Security & Privacy Policy

1. Who We Are

CastleFX is a brand and platform operated by Castle Currency Management, Inc. (“CCM,” “we,” “us,” or “our”). CCM is incorporated in the State of Texas and provides currency strategy services, consulting, educational content, currency risk management resources, customer support, website operations, and related business services. CCM also facilitates access to and supports currency exchange and global payment transaction services on behalf of its clients.

Currency exchange, payment, settlement, compliance, and related transaction services are executed through regulated third-party service providers, including Corpay. CCM manages client relationships, provides strategy guidance, supports clients through the transaction process, and liaises with service providers on behalf of clients. Trade execution, fund movement, settlement, and regulatory compliance activities are performed by the applicable regulated service provider. CCM supports clients throughout the process and acts as the primary relationship manager for CastleFX clients.

Castle Currency Exchange Inc. (“CCFX”) is a separate legal entity under common ownership that operates independently in Canada. CCFX is not a division, subsidiary, or agent of CCM. Certain Canadian referral, white-label, and legacy customer relationships are managed directly by CCFX. CCM provides certain services to CCFX under a separate services agreement.

This Security & Privacy Policy explains how we collect, use, disclose, and safeguard your information when you visit castlefx.com or use our services. By using the CastleFX website or services, you consent to the practices described in this policy. If you do not agree with these practices, please do not use our website or services.

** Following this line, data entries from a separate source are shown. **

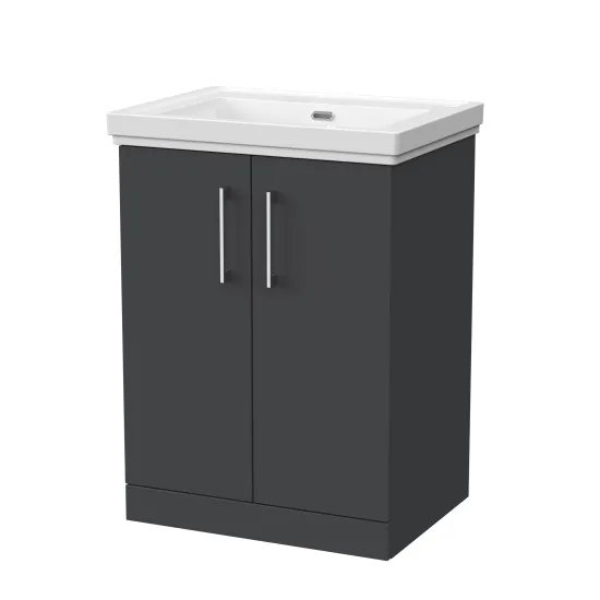 nuie Lux Kivo 600mm 2-Door Floor Standing Unit with a Traditional Fireclay Basin - 0 Tap Holes - Soft Black
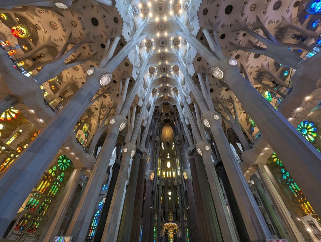 ガウディは「自然界に単調で一様なものは存在しない」と断言します。たとえば、彼にとっての「色」とは、単に表面に塗られた顔料ではなく、素材の成り立ちや光との関係から立ち上がる「現象」を指します。木の葉や岩、地形を単に模倣するのではなく、そこにどう力が流れ、どう形が生まれ、どう時間がつみ重なって風化していくかという「動的なロジック」を読み解くことなのです。サグラダ・ファミリアで目を引く、樹木のように分岐する柱は、自然がすでに解いていた構造の答えを、建築という言語で言い換えたものとも言えるでしょう。
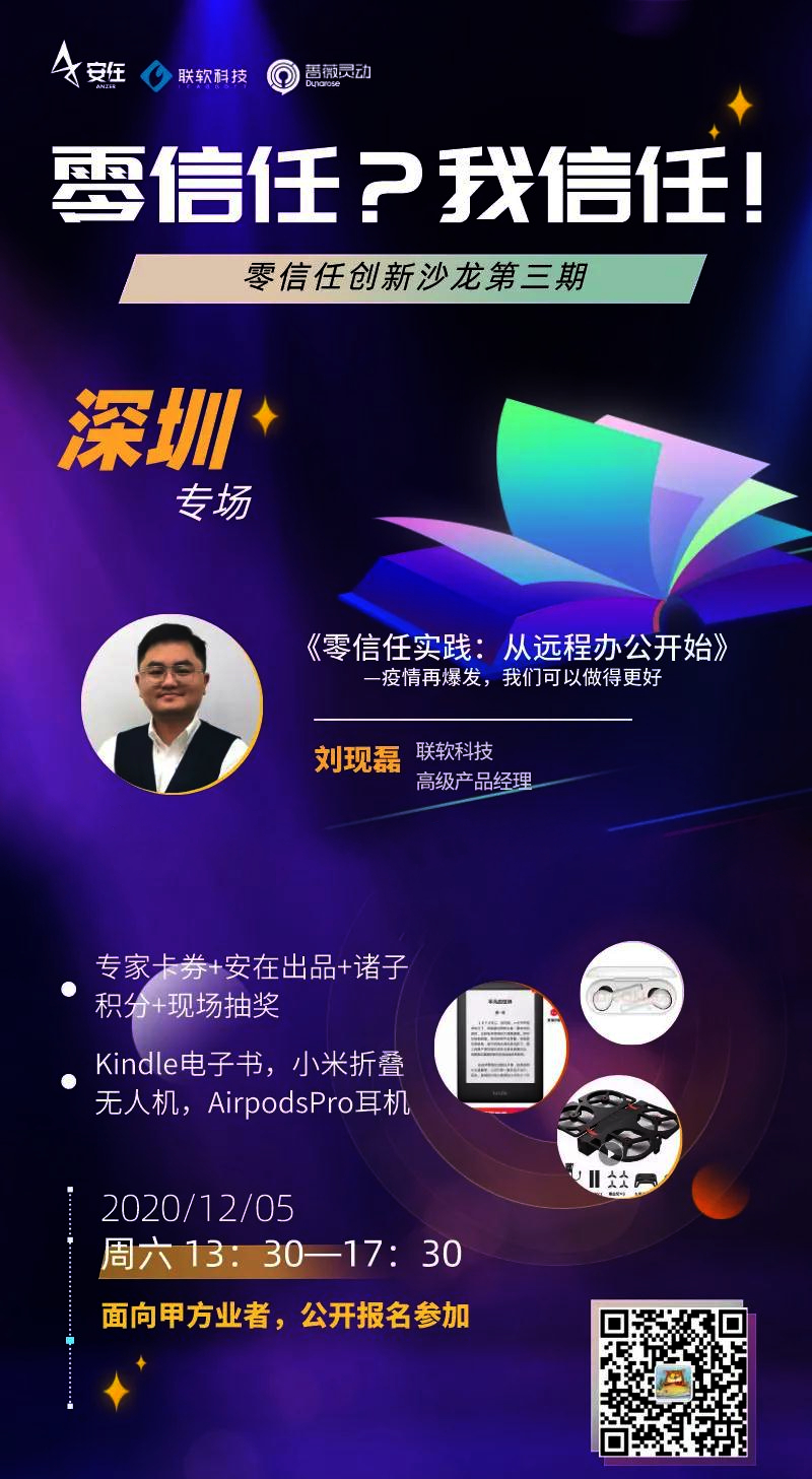 在年初整個大環(huán)境略顯衰頹的當(dāng)下,網(wǎng)絡(luò)安全行業(yè)逆勢飛揚(yáng),聯(lián)軟科技的零信任方案在疫情期間得到進(jìn)一步成功落地實(shí)踐,助力了多家客戶復(fù)工復(fù)產(chǎn)。在面對疫情再次來襲的壓力下,我們可以做的更好!掃碼報名,12月5日,聯(lián)軟分享,給你答疑解惑!

Customer information may be shared with regulated service providers for identity verification, compliance, transaction processing, settlement, and regulatory reporting purposes.

2. Information We Collect

We collect information in several ways depending on how you interact with us.

Business Information:

• Company name, business address, and registration documents
• Ownership and director information
• Banking and payment details required to process currency transactions
• Transaction history

Personal Information:

• Name, address, telephone number, and email address
• Date of birth where required for identity verification
• Government-issued identification
• Beneficial ownership information and compliance documentation
• Communications you send us via our contact form, email, or phone
• Registration details for workshops, webinars, or consulting sessions
• Subscription preferences and service configuration settings

Technical Information:

• IP address, browser type, and operating system
• Pages visited, time spent on pages, and referring URLs
• Device identifiers and approximate geographic location (country/region level)
• Login history and platform activity logs
• Cookies and similar tracking technologies (see Section 10)

Transaction Information:

• Payment details, currency transactions, and beneficiary information
• Funding account information and settlement details

3. How We Use Your Information

We use the information we collect for the following purposes:

• To open and maintain accounts and verify customer identity
• To provide currency exchange, payment processing, and advisory services you have requested
• To deliver currency strategy subscription content, rate alerts, and educational materials
• To manage your account, process transactions, and communicate account-related updates
• To respond to your inquiries, support requests, or feedback
• To process payments for subscriptions and consulting services via our payment processor (Stripe)
• To schedule and deliver booked consulting appointments and workshops
• To meet anti-money laundering and know-your-customer requirements
• To improve our website, services, and communications based on usage analytics
• To send you relevant service announcements and, with your consent, marketing communications
• To comply with applicable legal, regulatory, and reporting obligations
• To detect, investigate, and prevent fraudulent transactions or other prohibited activities
• To administer strategy subscriptions, alert services, workshops, consulting engagements, and other CastleFX services.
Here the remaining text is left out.